All UK Biobank participants were tested for blood pressure, bone mineral density, grip strength, BMI, etc. The last 200,000 participants underwent detailed tests of cognitive function [1].

23andMe asks customers for health information, but self-reports are not usually as reliable as the clinician-administered tests done in UK Biobank.

[1] https://www.ncbi.nlm.nih.gov/pmc/articles/PMC6451771/

eweitz · on June 8, 2019

23andMe is CLIA certified and FDA authorized, and makes many medical claims. From [1]:

"CLIA certification and CAP accreditation 23andMe laboratory testing is done in U.S. laboratories certified to meet CLIA (Clinical Laboratory Improvement Amendments of 1988) standards, including qualifications for individuals performing testing and other standards to ensure the accuracy and reliability of results. The laboratory is also accredited by the College of American Pathologists (CAP), which has served as a model for various federal, state, and private laboratory accreditation programs throughout the world."

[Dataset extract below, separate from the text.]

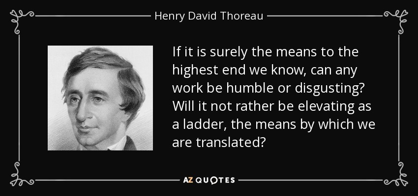 If it is surely the means to the highest end we know, can any work be humble or disgusting? Will it not rather be elevating as a ladder, the means by which we are translated?

FDA authorizations for 23andMe's personal genome service are available online, e.g. [2] for Alzheimer's disease risk reporting based on the E4 variant of the APOE gene.

The company also offers ancestry reports, which are not clinical and thus covered by CLIA. But medical claims in 23andMe's health reports do comply with CLIA and other regulations.

1. https://medical.23andme.com/dna-kits/#clia

2. https://www.accessdata.fda.gov/cdrh_docs/pdf16/DEN160026.pdf

astazangasta · on June 8, 2019

Hmm, news to me. In any case the point still stands that you can do SNP sequencing without being CLIA certified.